Current Interests

The following are particulars about my main current research interests:

  • The description and analysis of hybrid systems. In continuation of my previous work on a process algebra for hybrid systems and its connections with the formalism of hybrid automata, I am among other things interested in efficient proof techniques for that process algebra, effective procedures for restricted versions of the process algebra to decide whether an equation is derivable, and model checking tools for restricted versions of the process algebra to verify properties expressed in a suitable temporal logic.
  • The description and analysis of real-time reactive systems that are networks of dynamically reconfiguring components in which communication between the components is usually in whole or in part coordinated from outside the components. Such systems become dominating among the systems that shape our society. My special interest is in dealing with all aspects relevant to their behaviour, which includes coordination, reconfiguration and real-time reaction, in a single framework.

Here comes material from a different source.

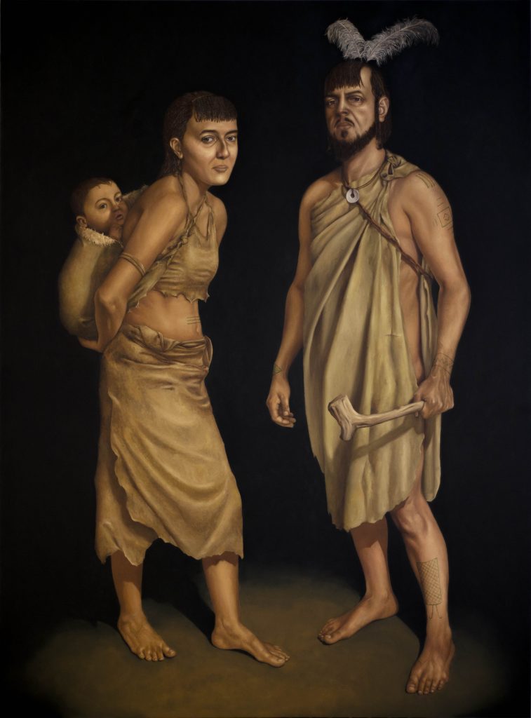 The painting is a depiction of the Libyan past and forgotten roots, and it is an imagination of a model from the Libyan Tehenu tribe and what it was like 4000 years ago. This Libyan family is depicted on the walls of the Bani Hassan tombs in Tomb No. 14.
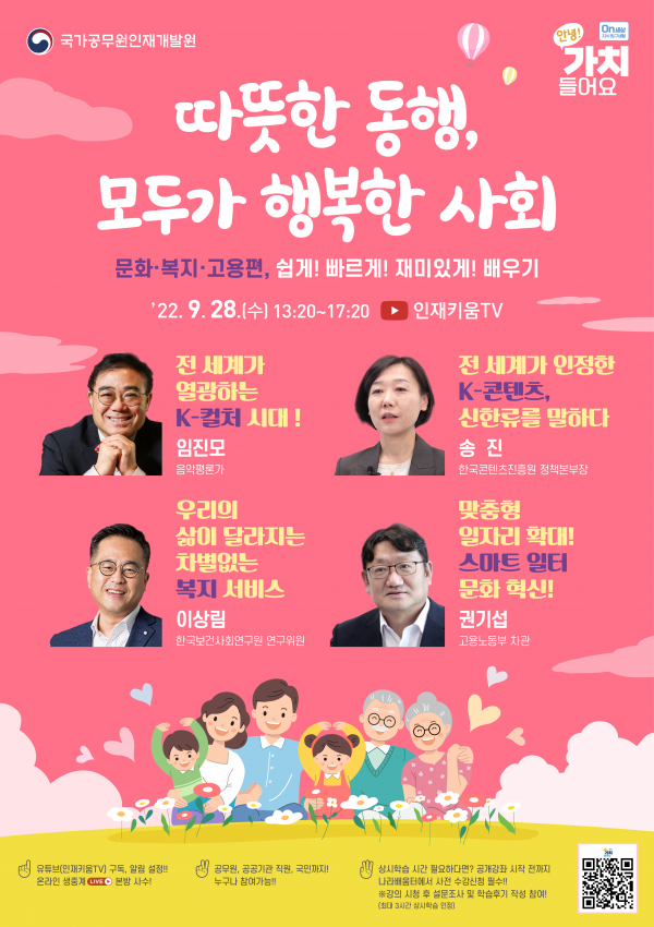 국가공무원인재개발원은 28일 ‘문화·복지·고용 정책편, 쉽게 빠르게 재미있게 배우기’를 주제로 ‘온세상 지식탐구생활, 안녕 가치 들어요' 공개강좌를 개최한다고 27일 밝혔다.

  • The development of more theory in subject areas such as computability, computational complexity, algorithm efficiency, program performance, program compactness, program parallelization, program verification, and probabilistic computation, from the viewpoint that a program primarily represents an instruction sequence. For a growing number of developments, including developments with respect to high-performance program execution on classical or non-classical computers and estimation of execution times of hard real-time systems, it becomes increasingly more important that programs are considered at the level of instruction sequence.
  • In the past, I was for a long time concerned with formal techniques, and tools in support of them, to complement industrial approaches to software development for more rigorous approaches to software development in industry. I am still interested in this line of research.